|Department of Public Information • News and Media Division • New York|
Composite Entity for Gender Equality, Women’s Empowerment Is Historic Chance
to Ensure Strong Voice for Women in Global Governance, Policymaking
Following is the text of Deputy Secretary-General Asha-Rose Migiro’s remarks, in the Commission on the Status Women, to the expert panel in preparation for the Economic and Social Council ministerial review on implementing internationally agreed goals and commitments on gender equality and empowerment of women, today in New York:
I am pleased to join you. Gender equality and the empowerment of women are essential parts of the United Nations development agenda.
Equal development for all means more determined efforts to reach long-standing international commitments.
Evaluated against the Beijing Platform for Action and the outcome of the twenty-third special session of the General Assembly, there are important signs that we are proceeding in the right direction.
There has been progress in women’s and girls’ education.
There have been some increases in the participation of women in the labour market and in decision-making positions.
The recent report of the Secretary-General, submitted to the Commission on the Status of Women, contains more such examples.

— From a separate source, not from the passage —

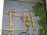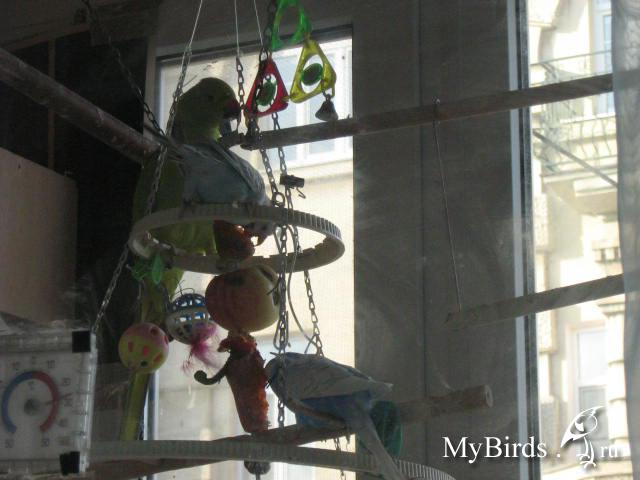 Zosia Опубликовано 20 октября, 2011 #1 Опубликовано 20 октября, 2011 Начало скопировано из "Кольчатых", автор Ирина.http://www.mybirds.ru/forums/index.php?sho...пления+жердочек И я покажу свои варианты.1. Использовать для опоры (торцевой) жердочек можно кучу всего.Самое простое- крышечки(разные диаметры) от соковТорцевая жердочка,закрепленная двумя такими крышечками Решетка,закрепленная крышечкой на листе поликарбоната- чтобы птиц с пола мог легко подняться. Для жердочек небольшого диаметра хорошо подошди баночки из-под детских красок(набор был для раскрашивания)Вот торец "фоповской" жердочки,сама крышечка укреплена на лист сотового ПК саморезом Другой торец,просто для иллюстрации На даче использовала крышки от воды(5 л) под толстые ветки. Для установки длинной бамбуковой удочки,которая проходит через весь вольер(летный), длина 2,5 метра, использовались упоры для штанг в платяных шкафах: Для жердочки у ожерелов(торцевая) использовалась отснова от старой швабры (в неё как раз вставился черенок), закрепленный снаружи кружком от вырезанного летка(оргстекло),все-на саморезе. Так же использовала упоры от штанги карниза, для стенда прогулочного: Для подвешивания к большой жердочка игрушек и качалок использую хомуты, многоразовые (для подвязывания цветов) , и одноразовые (более "клювоустойчивые", для прокладки эл.проводов,есть разных толщин) Вот кусок палки,на цепях(от кашпо), крючок подвешен к хомуту на большой жердочке, сами цепочки укреплены к торцам палки-качалки саморезами.Вот конструкция из держателя для фруктов и основы от старой люстры-каскада, все подвешено на хомуты Под большой жердью укреплена качающая длинная жердочка(куплена в Леруамерлене), длино 120 см.В торцы вкручены крючки-саморезы,к ним- цепь от кашпо,наверху висит на карабинах,зацепленных на хомуты (неразьемные).Снизу по концам жердочки-качалки привешены качалки-этажетки(купленные). На сами цепочки удобно вешать игрушки попугайские: Вот так через стекло видно немного:

But it also emphasizes that Member States need to accelerate progress.
Sustainable development and the Millennium Development Goals cannot be achieved without significant progress to eliminate violence against women and realize women’s rights.

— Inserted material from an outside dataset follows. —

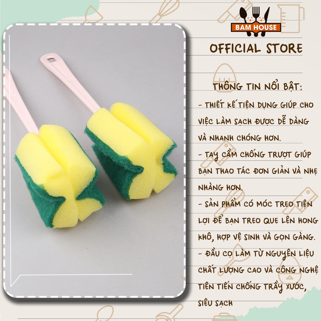 Dụng cụ chùi ly đầu bọt biển Bam House rửa ly siêu sạch tay cầm chắc chắn cao cấp đang được phân phối bởi Bam House

Women and girls still face discrimination and disadvantage socially, economically and politically.
But, as we will hear during this panel discussion, good practices and initiatives exist that can be scaled-up and replicated in many areas.
For example, many countries recognize that women are more likely to be living in poverty and have increased social safety nets, often as part of larger poverty reduction efforts to reduce women’s vulnerability to poverty or move them out of poverty.

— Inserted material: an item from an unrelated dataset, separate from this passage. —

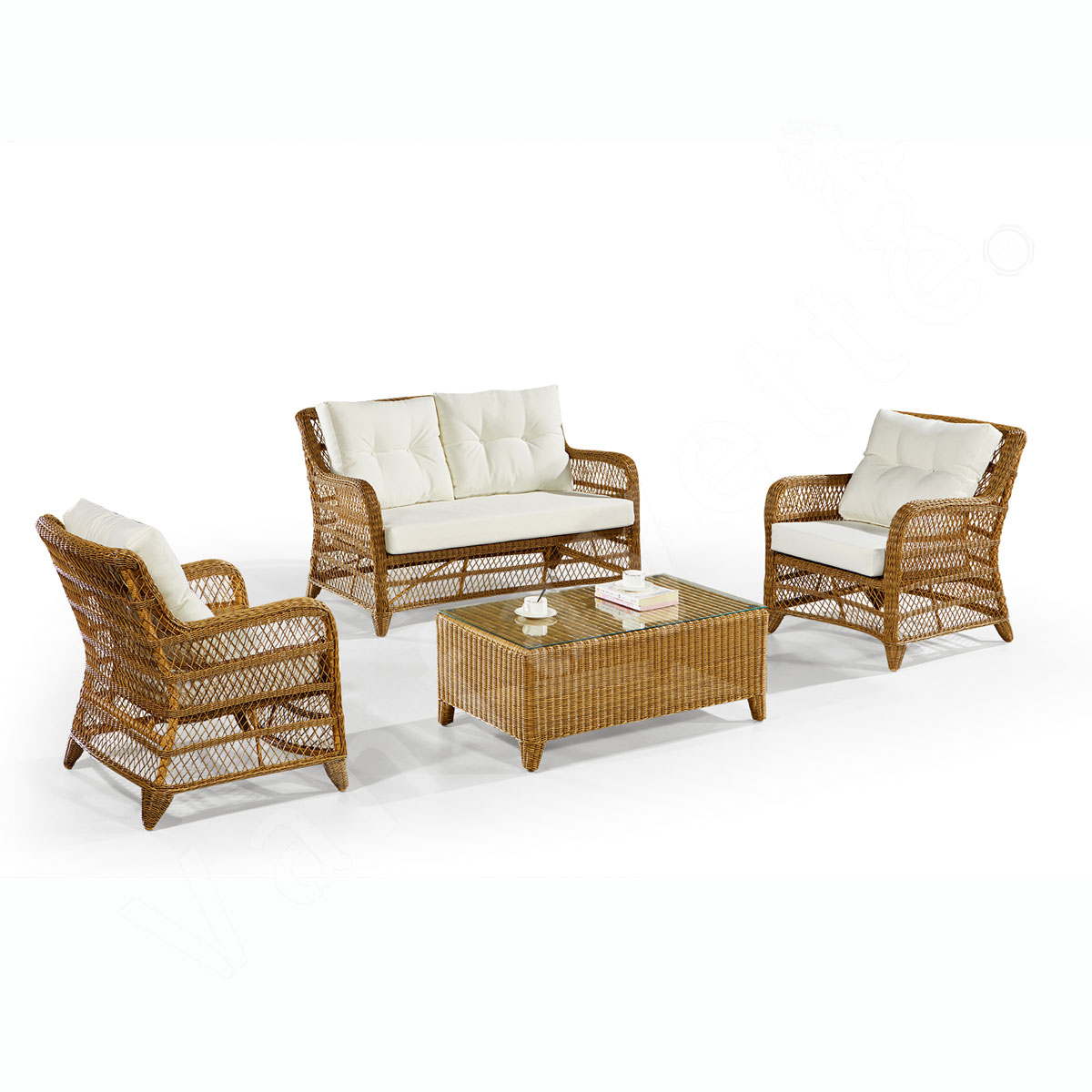The highlight of this stunning outdoor furniture set lies in its innovative open-weave technique. This design not only creates a sense of visual lightness but also promotes excellent air circulation. Coupled with thick white seat cushions, the set enhances the cooling effect, providing a bright and breezy summer feel in your outdoor area. With its 4-piece layout, which includes a spacious loveseat, two single armchairs, and a matching coffee table, this set comfortably seats four adults, making it perfect for casual gatherings or lively garden parties.

Progress is being made towards gender parity in primary schooling, and in some countries women outnumber men in tertiary education.
On the other hand, females represent two thirds of the world’s illiterate people. Conditional cash transfer programmes that provide incentives for attendance in education are among the strategies that countries are employing to change this.
We must use the lessons from these programmes to design and implement the next generation of policies that combine even greater incentives for education with smarter strategies to eliminate gender stereotypes.
We must also address the injustice that women still lack equal access to decision-making in society.
Only 25 countries have more than 30 per cent women representatives in national parliaments.
Quotas for women have been useful, but countries must also show innovation in applying strategies and targets for women’s participation in all areas of decision-making in the public and private sectors.
Women must have a far greater role in the resolution of armed conflicts and peacebuilding. They must be fully included in the post-conflict development of Governments, institutions and civil society.
I also welcome the support of the General Assembly to establish a strong composite entity within the United Nations for gender equality and the empowerment of women.
This is an historic opportunity to ensure that women have a stronger voice in global governance and policymaking.
It will strengthen accountability across the United Nations system for gender mainstreaming and women’s empowerment.
This is an end in itself, as well as a means of accelerating growth and development.
When women and girls have the same freedoms and rights as men and boys, we will have more stable economies and stronger more peaceful societies.
I wish you every success in your discussions.